Single by Ginuwine

from the album The Life
- Released: May 7, 2002
- Length: 4:59
- Label: Epic
- Songwriters: Elgin Lumpkin; Troy Oliver;
- Producers: Cory Rooney; Troy Oliver;

Ginuwine singles chronology
| "Take Away" (2001) | "Tribute to a Woman" (2002) | "I Need a Girl (Part Two)" (2002) |

= Tribute to a Woman =

"Tribute to a Woman" is a song by American R&B singer Ginuwine. It was co-written and produced by Troy Oliver along with Cory Rooney for his studio third album The Life (2001). The song was released as the album's fourth and final single and reached number 61 on the US Hot R&B/Hip-Hop Songs chart.

==Background==
"Tribute to a Woman" was written by Ginuwine and Troy Oliver, while production was helmed by Oliver along with Cory Rooney.
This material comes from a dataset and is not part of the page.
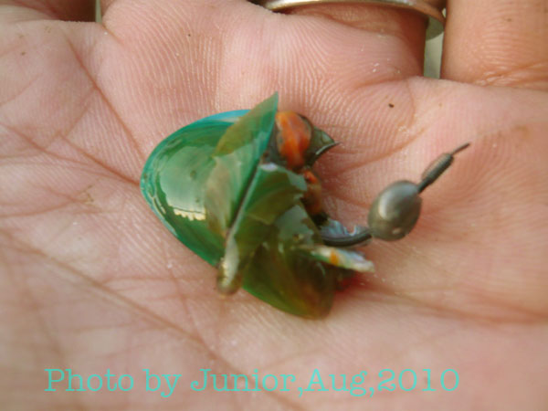 現地採取したカラス貝も反応ない ふと見ると緑カラス貝が。

In a 2016 interview, Ginuwine commented on the song: "I love that song. Everybody tells me about that song, especially the women. I just felt women needed a song like that. It was sort of like "Dear Mama" by 2Pac. When I made that one, I was really trying to get all of the power women like Oprah. It didn’t work out, but the thought was there because I was thinking about it."

==Track listing==

12" single
| No. | Title | Writer(s) | Producer(s) | Length |
|---|---|---|---|---|
| 1. | "Tribute to a Woman" | Elgin Lumpkin; Troy Oliver; | Oliver | 4:59 |
| 2. | "That's How I Get Down" (featuring Ludacris) | Christopher Bridges; Lumpkin; Timothy Mosley; | Timbaland | 4:13 |

==Credits and personnel==
Credits lifted from the liner notes of The Life.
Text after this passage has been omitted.